I created a small debug patch which hopefully reproduces the lockdep splat every time: https://patchwork.freedesktop.org/patch/211427/ I have no idea how to fix the lockdep splat, too deep in core code. Also no idea whether the lockdep splat indicates a real issue that might hang the test or not.
https://intel-gfx-ci.01.org/tree/drm-tip/drmtip_3/fi-skl-gvtdvm/igt@gem_exec_reuse@contexts.html
(In reply to Daniel Vetter from comment #7) > I created a small debug patch which hopefully reproduces the lockdep splat > every time: > > https://patchwork.freedesktop.org/patch/211427/ > > I have no idea how to fix the lockdep splat, too deep in core code. Also no > idea whether the lockdep splat indicates a real issue that might hang the > test or not. Daniel, I only put the test with the lockdep that incompletes on this bug.
First test lockdep in boot.log: https://intel-gfx-ci.01.org/tree/drm-tip/drmtip_5/fi-skl-gvtdvm/igt@perf_pmu@init-sema-vcs1.html
https://intel-gfx-ci.01.org/tree/drm-tip/drmtip_6/fi-bdw-gvtdvm/igt@kms_frontbuffer_tracking@fbcpsr-1p-primscrn-pri-shrfb-draw-blt.html
https://intel-gfx-ci.01.org/tree/drm-tip/drmtip_7/fi-skl-gvtdvm/igt@gem_mmap_gtt@basic-wc.html boot log has lockdep
https://intel-gfx-ci.01.org/tree/drm-tip/drmtip_7/fi-bdw-gvtdvm/igt@kms_frontbuffer_tracking@psr-1p-offscren-pri-indfb-draw-blt.html softdog first test, bootlog has pi_lock lockdep.

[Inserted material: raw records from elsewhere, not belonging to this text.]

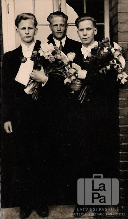 Trīs puiši savās iesvētībās Saules nometnē Gēsthahtā (angļu zonā) 1949. gada Lieldienās. Puiši ir ģērbušies uzvalkos, visiem rokās ir ziedi un dokumenti. Fonā durvis/ logs, labajā pusē ķieģeļu siena. No kreisās: Gunārs Jakobsons, Ēriks Šmits, Juris Zemītis.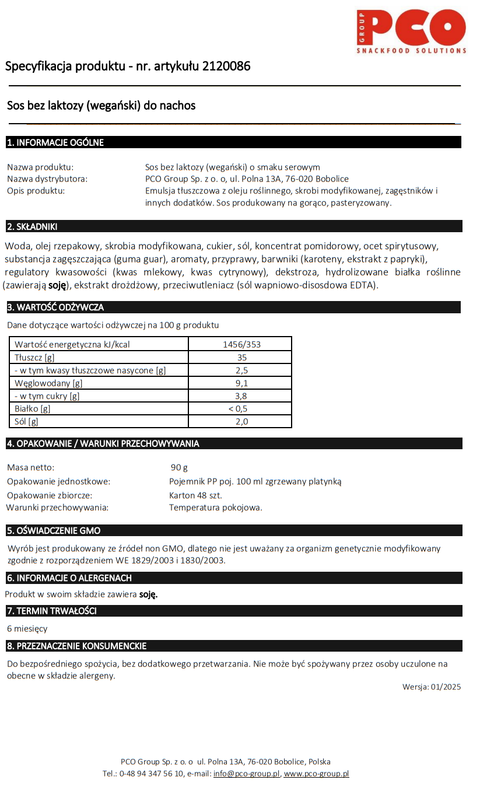 Pełen smaku, gładki i kremowy – stworzony z myślą o tych, którzy chcą cieszyć się pysznymi przekąskami bez laktozy. Doskonale pasuje do chrupiących nachos, tacos czy ulubionych dań na ciepło. Idealny na spotkania ze znajomymi, imprezy lub domowe seanse filmowe.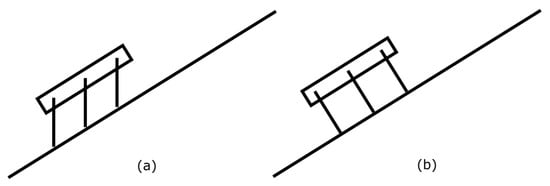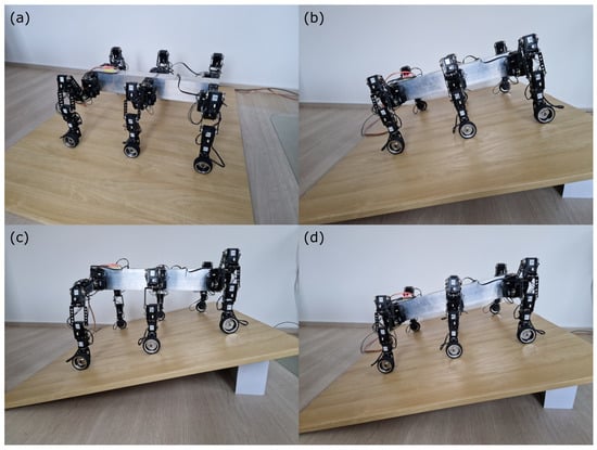 Three different static stances and two movements (tripod gait with a maximum speed of 0.12 m/s and a period of 1.6 s and ride using six wheels with a maximum speed of 0.2 m/s) were tested at six different inclinations (see Table 4). All tested stances were based on the robot’s default stance (Figure 7a). The first derived stance (No. 1) did not use the trochanter joint and all limbs were at the same height (Figure 7b). The second derived stance (No. 2) also did not use the trochanter joint, but the individual limbs were at different heights that corresponded to the slope of the tested terrain (Figure 7c). Finally, the third derived stance (No. 3) used the trochanter joint and all limbs were at the same height. The angle of rotation of the trochanter joint was identical to the slope of the tested terrain (Figure 7d).

test patch in topic/core-for-CI, hopefully sheds some light on where this stuff is from: commit 0162204f7aa1db746262eb2b68d294c25e5be36c (HEAD -> topic/core-for-CI, drm-intel/topic/core-for-CI) Author: Daniel Vetter <daniel.vetter@ffwll.ch> Date: Tue Mar 20 17:02:58 2018 +0100 RFC: debugobjects: capture stack traces at _init() time
https://intel-gfx-ci.01.org/tree/drm-tip/drmtip_8/fi-skl-gvtdvm/igt@gem_exec_schedule@reorder-wide-render.html boot log has the lockdep: https://intel-gfx-ci.01.org/tree/drm-tip/drmtip_8/fi-skl-gvtdvm/boot3.log owatch on first test: running: igt/gem_exec_schedule/reorder-wide-render [00/99] | owatch: TIMEOUT!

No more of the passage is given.